1993 – Realiza leituras de sua obra, em Amsterdam, Utrecht e Haia na Holanda. Participa, em Berlim, do Congresso Internacional de Literatura e Homossexualidade Em Milão, lança, em italiano, de Dov’è Finita Dulce Veiga?, pela editora Zanzibar, traduzido por Adelina Aletti. Representa o Brasil na III Interlit, Encontro Internacional de Escritores, em Erlangen, na Alemanha, junto dos escritores Rubem Fonseca e Sonia Coutinho. Leituras de sua obra em Erlangen, Nüremberg e Berlim. Escreve crônicas dominicais no jornal o Estado de São Paulo.

1994 – Reedição pela editora paulista Siciliano do seu primeiro romance Limite Branco. São lançados no Salão do Livro de Paris: Qu’est devenue Dulce Veiga?, publicado pelas edições Autrement; Bien loin de Marienbad, publicado pelas edições Arcane 17 e L’Autre voix, publicado pelas edições Complexe. Todos são traduzidos por Claire Cayron.
O autor retorna da França e anuncia, explicitamente, na crônica publicada no jornal O Estado de S. Paulo “Última carta para além dos muros”: “Voltei da Europa em junho me sentindo doente. Febres, suores, perda de peso, manchas na pele. Procurei um médico e, à revelia dele, fiz O Teste. Aquele. Depois de uma semana de espera agoniada, o resultado: HIV Positivo.”
Leitura dramática de seu monólogo teatral O homem e a Mancha, no primeiro Porto Alegre em Cena.
O autor volta a morar com os pais e a partir de outubro torna-se colaborador do caderno Cultura do jornal Zero Hora. Em Amsterdam lança de Waar zit Dulce Veiga?, traduzido por Maartje de Kort. Participa da 46° Feira Internacional do Livro de Frankfurt que tem o Brasil como pais-tema. Lança na Alemanha de Waas Geschach Wirklich mit Dulce Veiga?, traduzido por Gerd Hilger.

1995 – É escolhido pela Câmara Rio-Grandense do Livro para ser patrono da 41° Feira do Livro de Porto Alegre. Participa da antologia The Penquim Book of International Gay Writing com o conto Beauty (Linda, uma história horrível), traduzido por David Treece. Em maio, é publicada pela editora Sulina a antologia de textos Ovelhas Negras. Em setembro, na Itália, as edições Zanzibar publicam Molto Lontano di Marienbad, com tradução de Bruno Parsico. Reedição do seu primeiro livro de contos completamente reformulado, sob o título Inventario do irremediável.

1996 – Em 25 de fevereiro, Caio Fernando Abreu faleceu em Porto Alegre, aos 47 anos. Ovelhas Negras recebe o Prêmio Jabuti de melhor livro de contos do ano.

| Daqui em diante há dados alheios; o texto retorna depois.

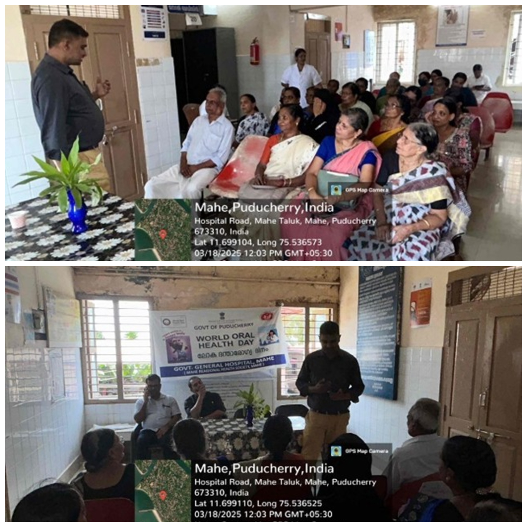 The National Oral Health Programme (NOHP) Puducherry organized a Geriatric Oral Health Awareness Lecture at Government Hospital (GH), Mahe, focusing on the oral health needs of the elderly population. As aging is often associated with various dental and systemic health challenges, this session aimed to educate senior citizens, caregivers, and healthcare professionals about the importance of maintaining oral hygiene in old age. By educating senior citizens, caregivers, and healthcare workers, the session promoted preventive care, early intervention, and improved quality of life for older adults. A healthy mouth contributes to a healthier aging process, making geriatric oral health awareness a key component of holistic elderly care. 21 benefitted
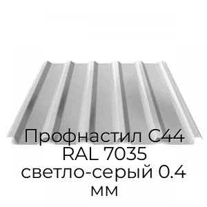 Профнастил С44 RAL 7035 представляет собой стальной лист с рифлением, дополненный полимерным покрытием. Представлен в востребованном и универсальном графитовом сером оттенке и изготовлен с помощью современного профилегибочного оборудования в соответствии с требованиями ГОСТ. Имеет стандартизированные размеры: общей шириной 1047, мм и толщиной металла 0.4 мм.

“Nos últimos tempos, quando não conseguia mais escrever, ele ia para o jardim cuidar das rosas. Ia cuidar da vida: tirar da terra a vida – e o Caio morrendo. Fazer desabrochar a flor – e o Caio morrendo. Num planeta enfermo como o nosso, num país, numa sociedade onde impera a boçalidade, a volúpia materialista, foi magnífico contar com o Caio.”
Lygia Fagundes Telles, em homenagem ao amigo quando ele partiu.